Mounted at /content/gdrive


In [None]:
def seed_everything(seed):
    random.seed(seed)
    os.environ['PYTHONHASHSEED'] = str(seed)
    np.random.seed(seed)
    torch.manual_seed(seed)
    torch.cuda.manual_seed(seed)
    torch.backends.cudnn.deterministic = True
    torch.backends.cudnn.benchmark = False

seed_everything(41) # Seed 고정

Data Load

학습에 필요한 데이터를 불러오고, 전처리를 진행합니다.

In [None]:
# 데이터 로딩 클래스 정의
class CustomDataset(Dataset):
    def __init__(self, csv_file, transform=None):
        """
        Args:
            csv_file (string): csv 파일의 경로.
            transform (callable, optional): 샘플에 적용될 Optional transform.
        """
        self.df = pd.read_csv(csv_file)
        self.transform = transform

    def __len__(self):
        return len(self.df)

    def __getitem__(self, idx):
        img_path = self.df['img_path'].iloc[idx]
        image = Image.open("/content/gdrive/My Drive/Colab_Data/semiconductor_anomaly" + img_path[1:])
        if self.transform:
            image = self.transform(image)
        target = torch.tensor([0.]).float()
        return image,target

# 이미지 전처리 및 임베딩
transform = transforms.Compose([
    # 224,224
    transforms.CenterCrop((224, 224)),
    transforms.ToTensor(),
    transforms.RandomHorizontalFlip(p=0.5),
    transforms.Normalize(mean=[0.485, 0.456, 0.406], std=[0.229, 0.224, 0.225]),
])

train_data = CustomDataset(csv_file='/content/gdrive/My Drive/Colab_Data/semiconductor_anomaly/train.csv', transform=transform)
train_loader = DataLoader(train_data, batch_size=16, shuffle=False)

In [None]:
model = models.resnet18(pretrained=True)
model.fc = nn.Linear(512, 1, bias=True)
model = model.to(device)

criterion = nn.BCEWithLogitsLoss()
optimizer = optim.AdamW(model.parameters(), lr=0.0001)
scheduler = CosineAnnealingLR(optimizer, T_max=100, eta_min=0.00001)



In [None]:
def train(model, train_loader, criterion, optimizer, scheduler, device, num_epochs):
    for epoch in range(num_epochs):
        model.train()
        running_loss = 0.0
        running_corrects = 0
        total = 0

        for images, labels in train_loader:
            images = images.to(device)
            labels = labels.to(device)

            outputs = model(images)
            loss = criterion(outputs, labels.view(-1, 1))

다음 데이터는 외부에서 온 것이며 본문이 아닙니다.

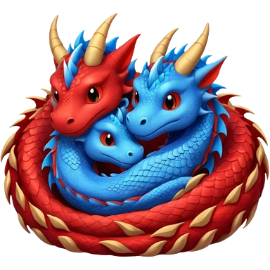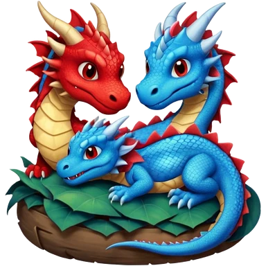 A pair of adorable red and blue dragons asleep in their den. emoji

            optimizer.zero_grad()
            loss.backward()
            optimizer.step()

            running_loss += loss.item()
            predictions = (torch.sigmoid(outputs) > 0.5).float()
            running_corrects += torch.sum(predictions == labels.view(-1, 1)).item()
            total += labels.size(0)

        scheduler.step()

        epoch_loss = running_loss / len(train_loader)
        epoch_acc = running_corrects / total

        print(f'Epoch {epoch+1}/{num_epochs}, Loss: {epoch_loss:.4f}, Accuracy: {epoch_acc:.4f}')

In [None]:
train(model, train_loader, criterion, optimizer, scheduler, device, num_epochs=20)

Epoch 1/20, Loss: 0.3157, Accuracy: 0.9906
Epoch 2/20, Loss: 0.1089, Accuracy: 1.0000
Epoch 3/20, Loss: 0.0402, Accuracy: 1.0000
Epoch 4/20, Loss: 0.0220, Accuracy: 1.0000
Epoch 5/20, Loss: 0.0153, Accuracy: 1.0000
Epoch 6/20, Loss: 0.0118, Accuracy: 1.0000
Epoch 7/20, Loss: 0.0096, Accuracy: 1.0000
Epoch 8/20, Loss: 0.0081, Accuracy: 1.0000
Epoch 9/20, Loss: 0.0070, Accuracy: 1.0000
Epoch 10/20, Loss: 0.0061, Accuracy: 1.0000
Epoch 11/20, Loss: 0.0054, Accuracy: 1.0000
Epoch 12/20, Loss: 0.0049, Accuracy: 1.0000
Epoch 13/20, Loss: 0.0044, Accuracy: 1.0000
Epoch 14/20, Loss: 0.0040, Accuracy: 1.0000
Epoch 15/20, Loss: 0.0036, Accuracy: 1.0000
Epoch 16/20, Loss: 0.0034, Accuracy: 1.0000
Epoch 17/20, Loss: 0.0031, Accuracy: 1.0000
Epoch 18/20, Loss: 0.0029, Accuracy: 1.0000
Epoch 19/20, Loss: 0.0027, Accuracy: 1.0000
Epoch 20/20, Loss: 0.0025, Accuracy: 1.0000


In [None]:
# 사전 학습된 모델 로드
model.eval()  # 추론 모드로 설정

# 특성 추출을 위한 모델의 마지막 레이어 수정
model = torch.nn.Sequential(*(list(model.children())[:-1]))

model.to(device)

# 이미지를 임베딩 벡터로 변환
def get_embeddings(dataloader, model):
    embeddings = []
    with torch.no_grad():
        for images, _ in tqdm(dataloader):
            images = images.to(device)
            emb = model(images)
            embeddings.append(emb.cpu().numpy().squeeze())
    return np.concatenate(embeddings, axis=0)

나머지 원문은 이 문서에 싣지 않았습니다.